Start of Task inputs
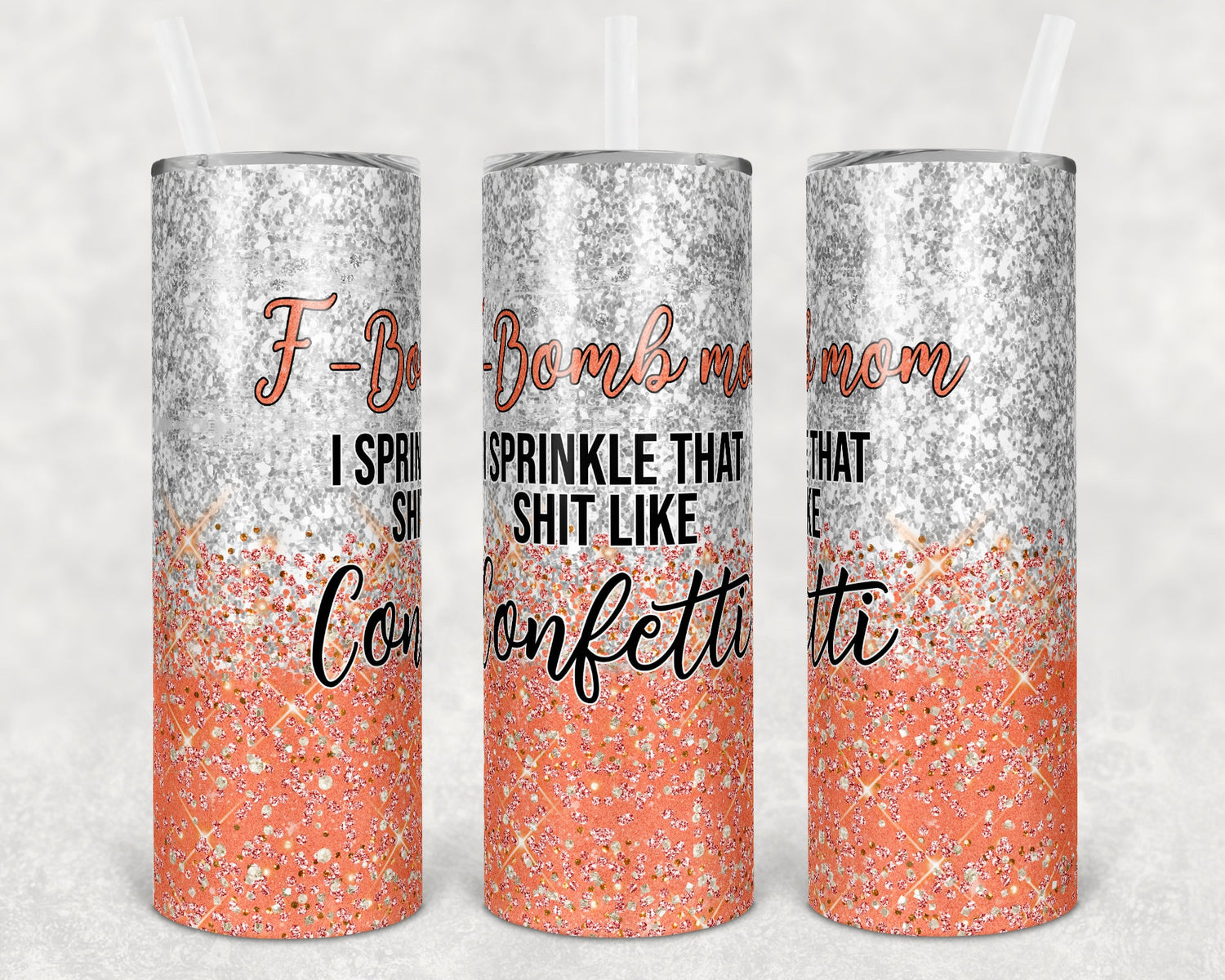20 oz Skinny Tumbler Sublimation Design Glitter F bomb Mom Coral Straight and Warped Design
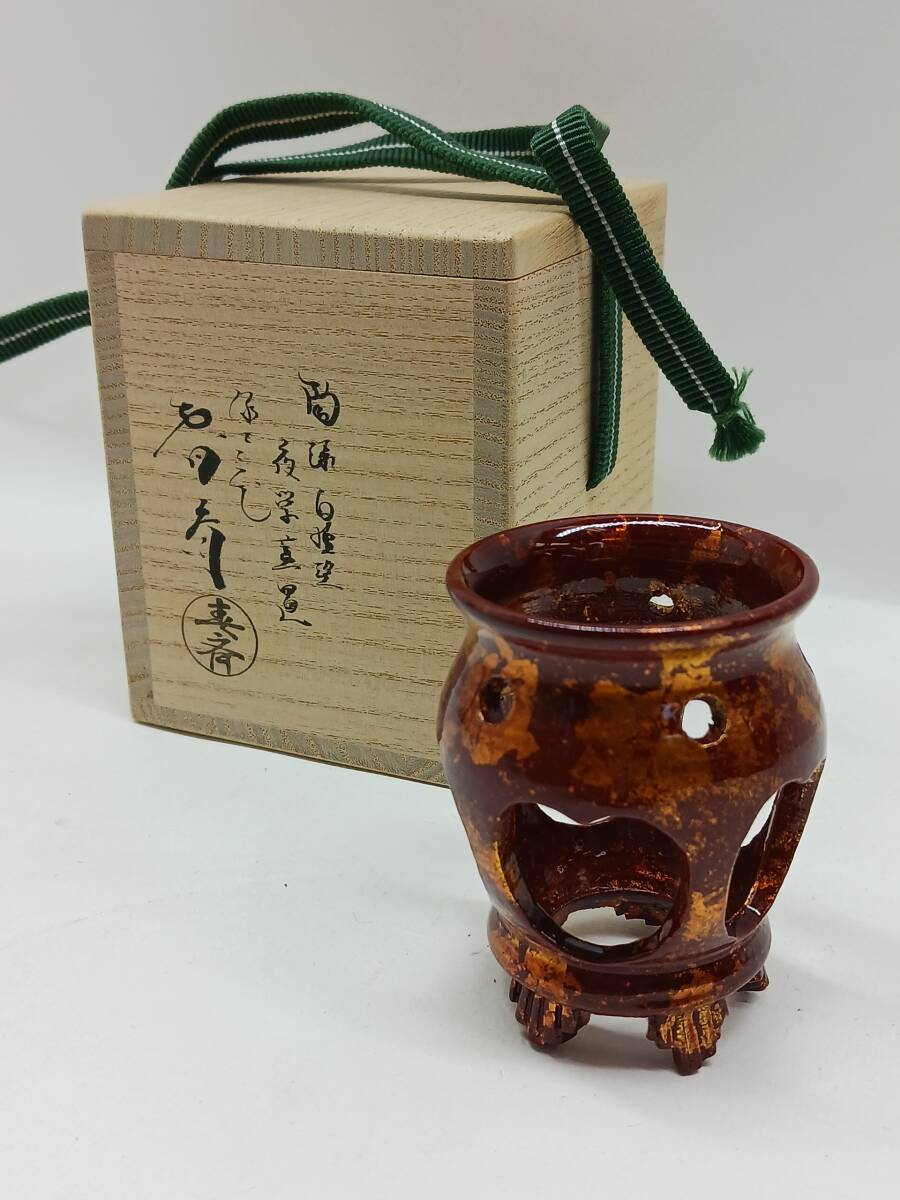 - 【骨董茶道具】陶漆 白檀塗 夜学蓋置 前畑春斎作 茶道具 茶器 共箱 共布 経歴付き 箱書無 年代不明 細工装飾 コレクション 骨董(は)
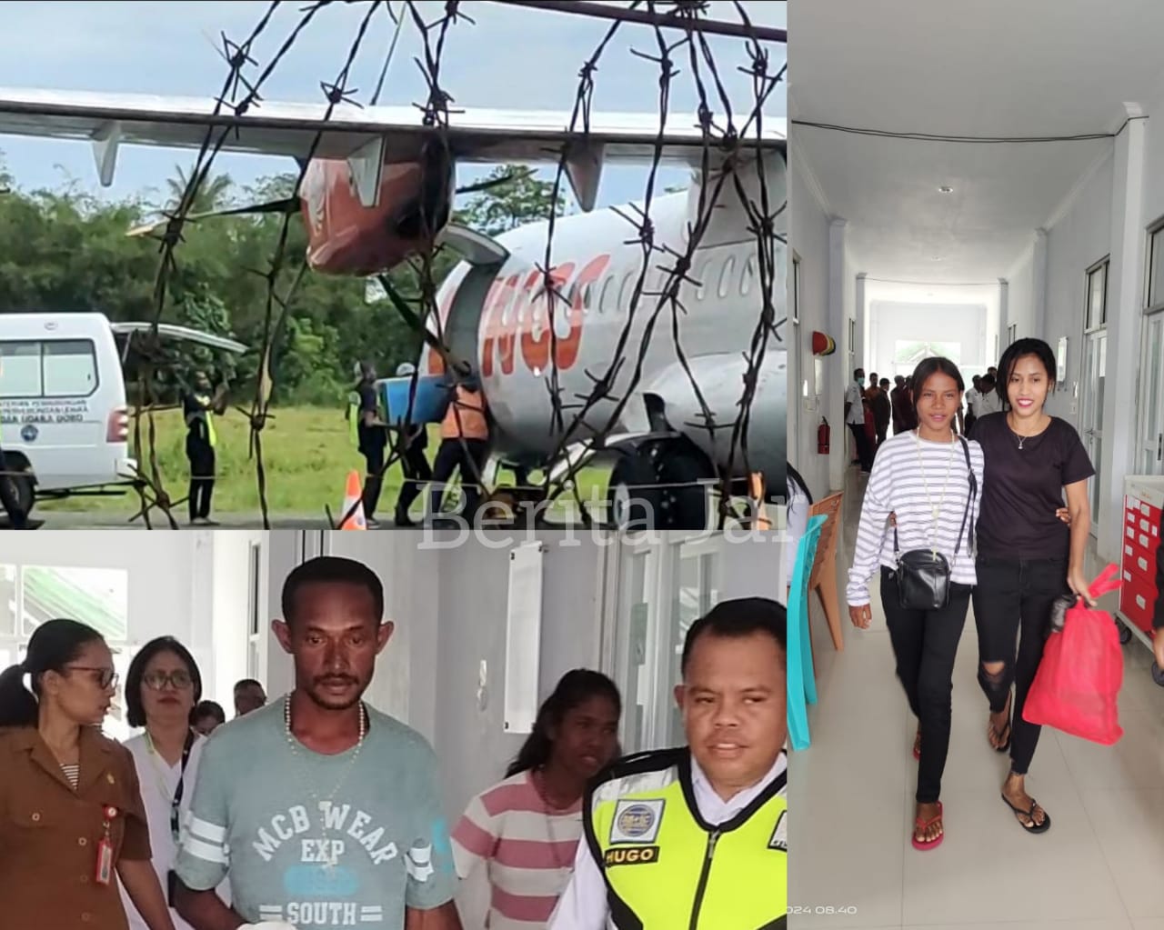 Pemulangan ketiga korban selamat dan satu jenazah menggunakan pesawat Wings Air, Senin (01/04/2024) di bandara Rar Gwamar Dobo.
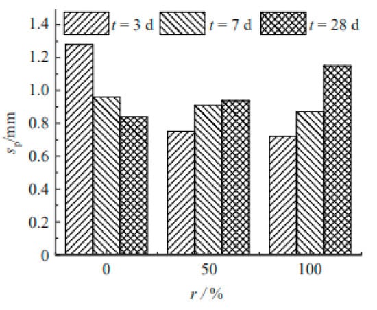 The test results of the displacement corresponding to the peak load for the specimens are compared in terms of the different replacement ratios, as shown in Figure 13. At the curing age of 3 days, the displacement decreased with the increase in the replacement ratios. However, at the curing ages of 7 days and 28 days, an inverse trend was observed. In the early stage, due to the incomplete hydration reaction, the replacement ratio has a slight influence on the property of the concrete. After 7 days, the higher replacement ratio, coupled with a lower water–cement ratio, resulted in larger displacement.
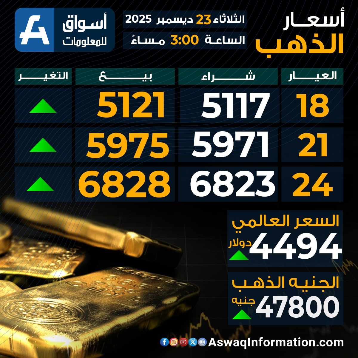 كما سجل سعر الذهب العالمي اليوم ارتفاعًا عند 4494 دولارا.
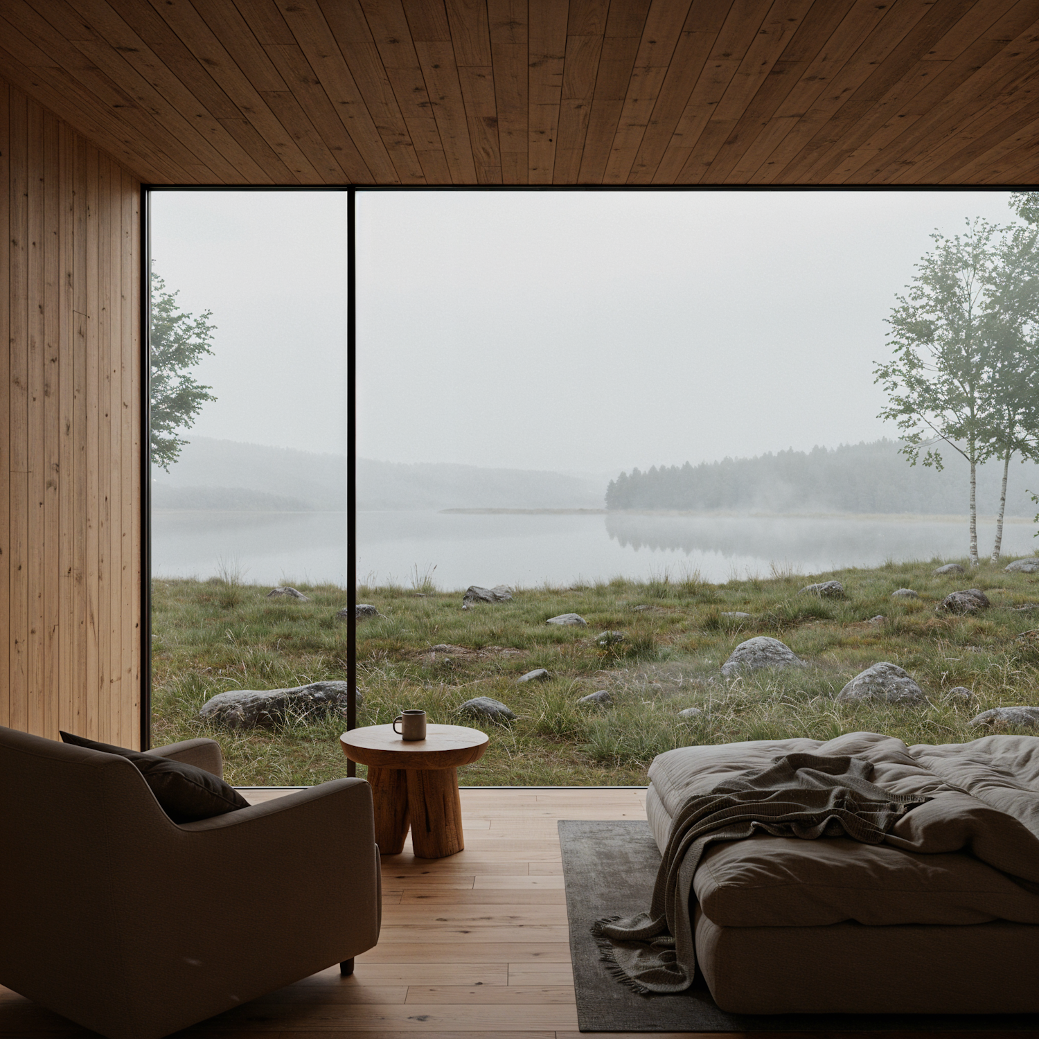 Minimalist lakeside room with cozy armchair, wooden table, and bed, overlooking a misty lake through a large glass window.
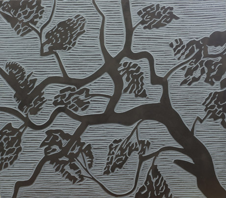 Ohne Titel, 2012. Holzschnitt und Öl auf eingefärbtem MDF, 70 x 80 x 8 cm
End of Task inputs
* [What to work on]:
Your output should be exactly the lines of the records above from the one with "Minimalist lakeside room" through the last, both ends included, with pictures excluded.

* [Reply to the task]:
 Minimalist lakeside room with cozy armchair, wooden table, and bed, overlooking a misty lake through a large glass window.
 Ohne Titel, 2012. Holzschnitt und Öl auf eingefärbtem MDF, 70 x 80 x 8 cm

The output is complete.